Oh, my. Can you believe this is real? I had to compress the file to get it to work on the blog, so please click it to see it in higher-resolution, and also look at the other astonishing pictures in his gallery.

Phil has a page describing in detail the pictures. In this case, a 1.5 hour exposure shows the glow from the trillions of Noctiluca Scintillans protists in the lake, as well as the trails of stars as they circle the southern celestial pole. That light on the horizon is not the Moon, but a house or some other man-made object. I love how the reflection curves and breaks up near the shore.

Phil’s pictures are simply breath-taking, and you just have to go and take a look.
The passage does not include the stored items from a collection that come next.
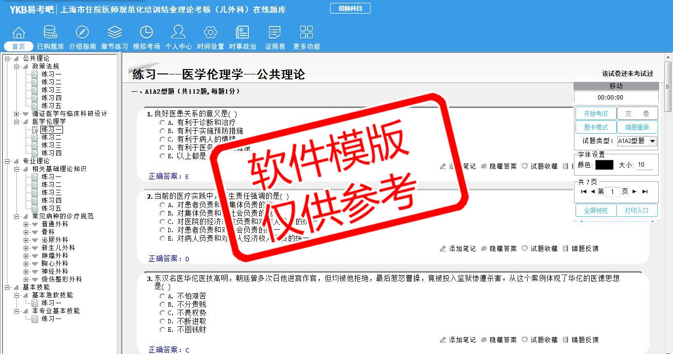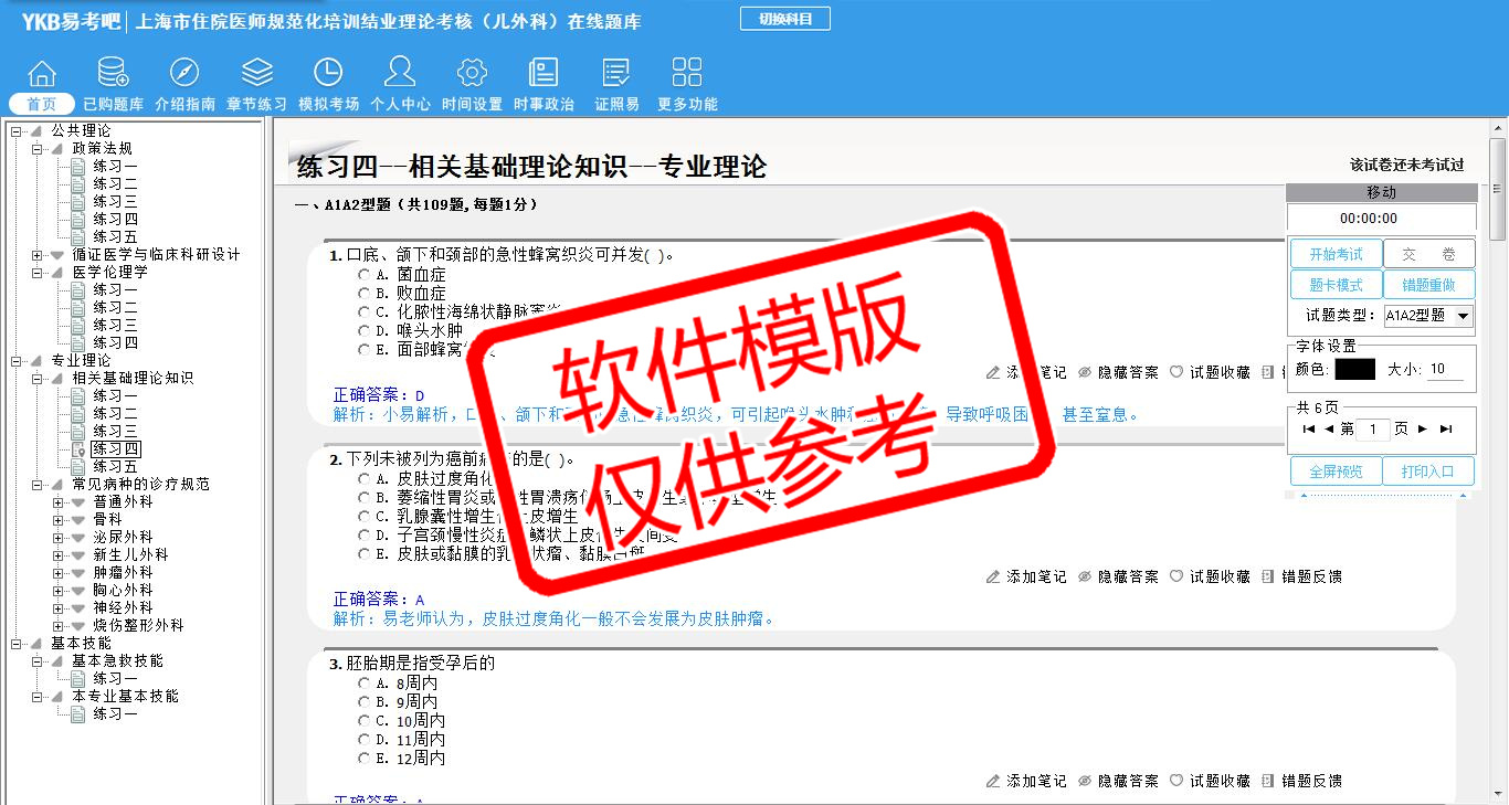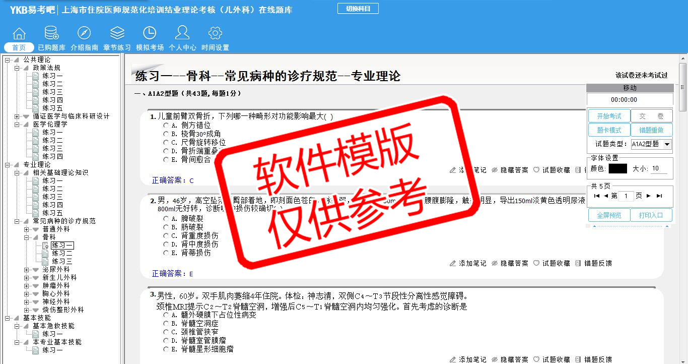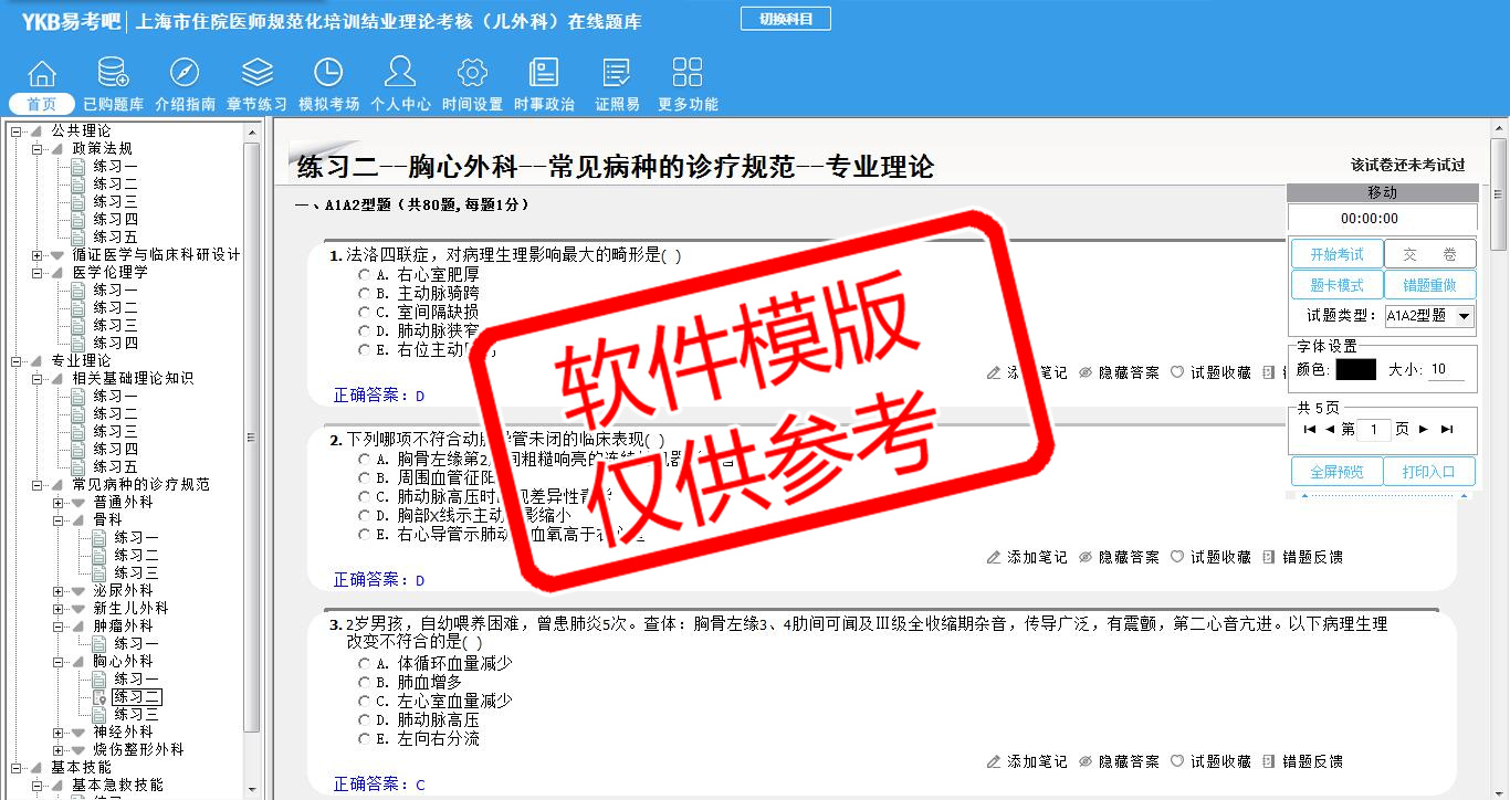 2026年上海市住院医师规范化培训结业理论考核(儿外科)易考宝典软件(手机/网页版)是《易考宝典》考试系列软件之一,是专门为参加“住院医师职业资格考试”的朋友量身定做的自我测试系统,是个人、培训学校进行考试前训练、备考冲刺的提分技巧考试平台,题型丰富,图文并茂,内容全面,题库设计符合考试新大纲,海量试题。软件包括了富有价值的模拟考场,有计时打分等功能,就像亲身体会考试一样。
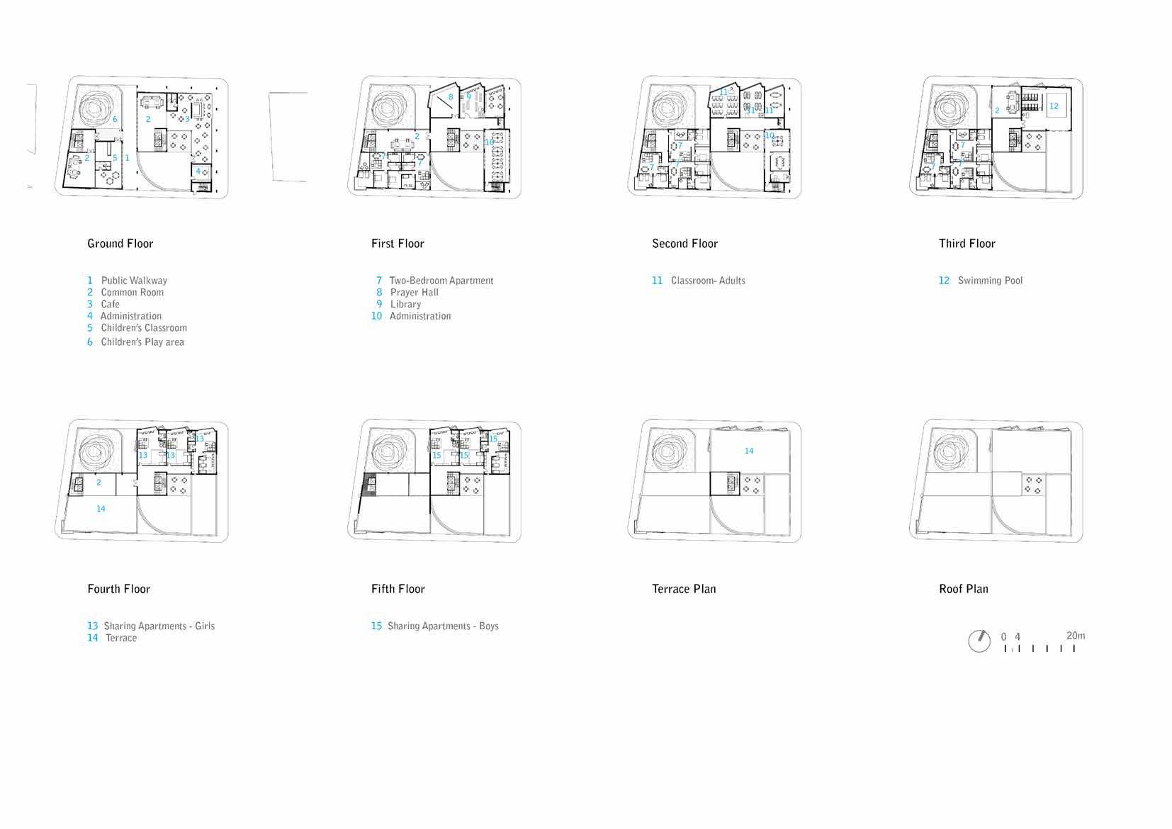 The program was to include educational and residential spaces along with working spaces for young adults and families. The program also includes religious spaces, and athletic spaces.
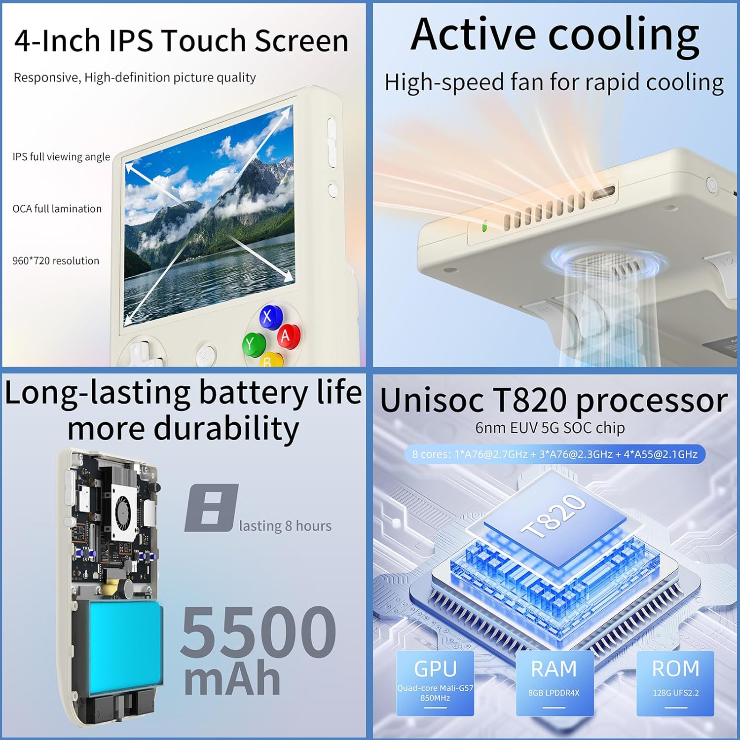 - RG406V Upgrade Technology and Performance: The Anbernik RG 406V uses an Unisoc T820 processor, an 8-core 6nm EUV 5G SOC chip, combined with a quad-core Mali-G57 operating frequency of 850Mhz to deliver high performance with lower power consumption. With 8GB of LPDDR4X RAM and 128GB of UFS2.2 storage, the rg406v offers plenty of room for your games and apps. Run on Android 13 for a smooth and up-to-date user experience.
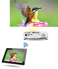 Wirelessly display content from your iOS or Android mobile devices as well as PCs, including Chromebook with the free Epson iProjection App. Easily share information on the big image from up to 4 connected devices simultaneously. Just turn on the projector, use the Epson iProjection app to scan the on-screen QR code, and share content on the big screen. This free application allows you to travel light and present from your mobile device.
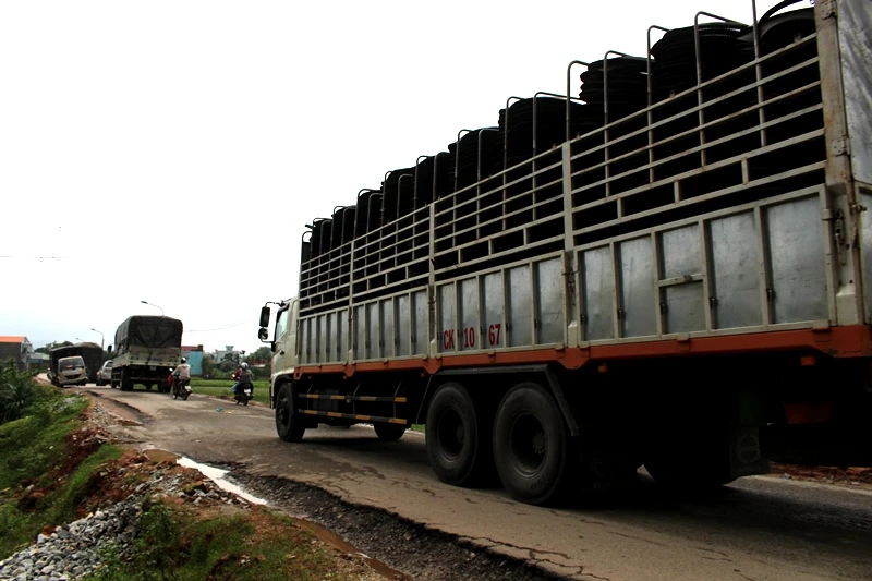 Xe có trọng tải lớn thi nhau lưu thông khiến đường nát bươm.
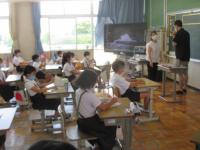 2020年7月1日 14時00分外国(英)語指導助手(ALT)、ドミニク先生にサポートしてもらいながら、英語を学ぶ授業です。対面式の活動は制限していますので、全員が前を向いての活動となります。元気な大きい声が聞こえていました。
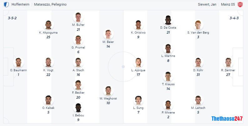 Đội hình ra sân dự kiến giữa câu lạc bộ Hoffenheim vs FSV Mainz
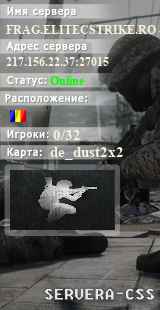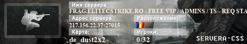 | Баннеры для сервера: FRAG.ELITECSTRIKE.RO - FREE VIP / ADMINS / TS - REQ STAFF | ||
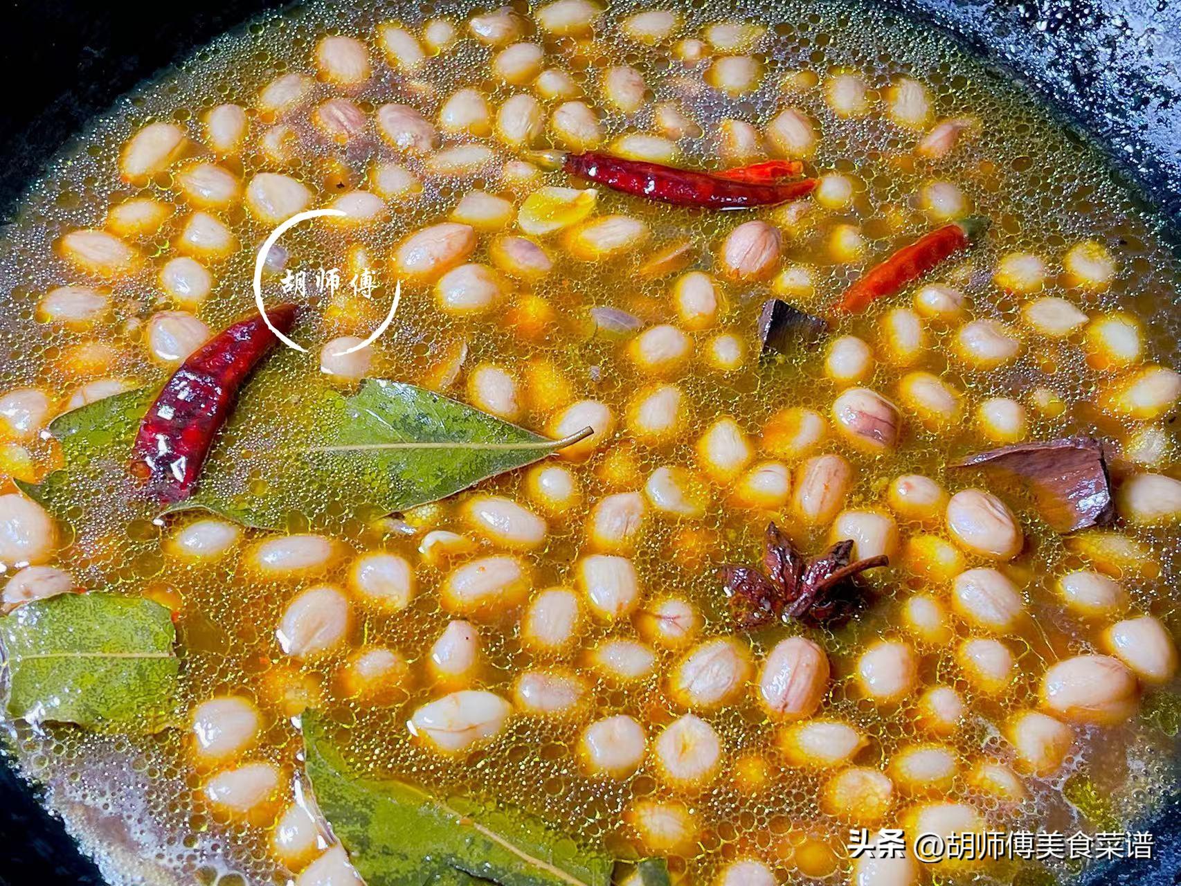第三步:鍋中放入適量水,等水煮沸後,將花生米、幹辣椒、八角、桂皮、花椒、香葉、老抽、冰糖、食鹽全部都放入鍋中,中火將花生米煮15分鐘後關火,然後將花生米浸泡1小時後撈出,這樣可以使花生米喫着更入味。

I am continually astonished at just how beautiful and surprising nature can be. It’s thrilling to see such disparate pieces superposed in this way.

Tip o’ the luciferin to Jared Hopkins. Image used with permission of Phil Hart.

CATEGORIZED UNDER: Astronomy, Pretty pictures

Comments (30)

  1. Sam H

    “Paths that lead to the ordinary
    are marked by the obvious lights;
    In order to reach the EXTRAORDINARY,
    You must pause, and find the path to the maw of the night.”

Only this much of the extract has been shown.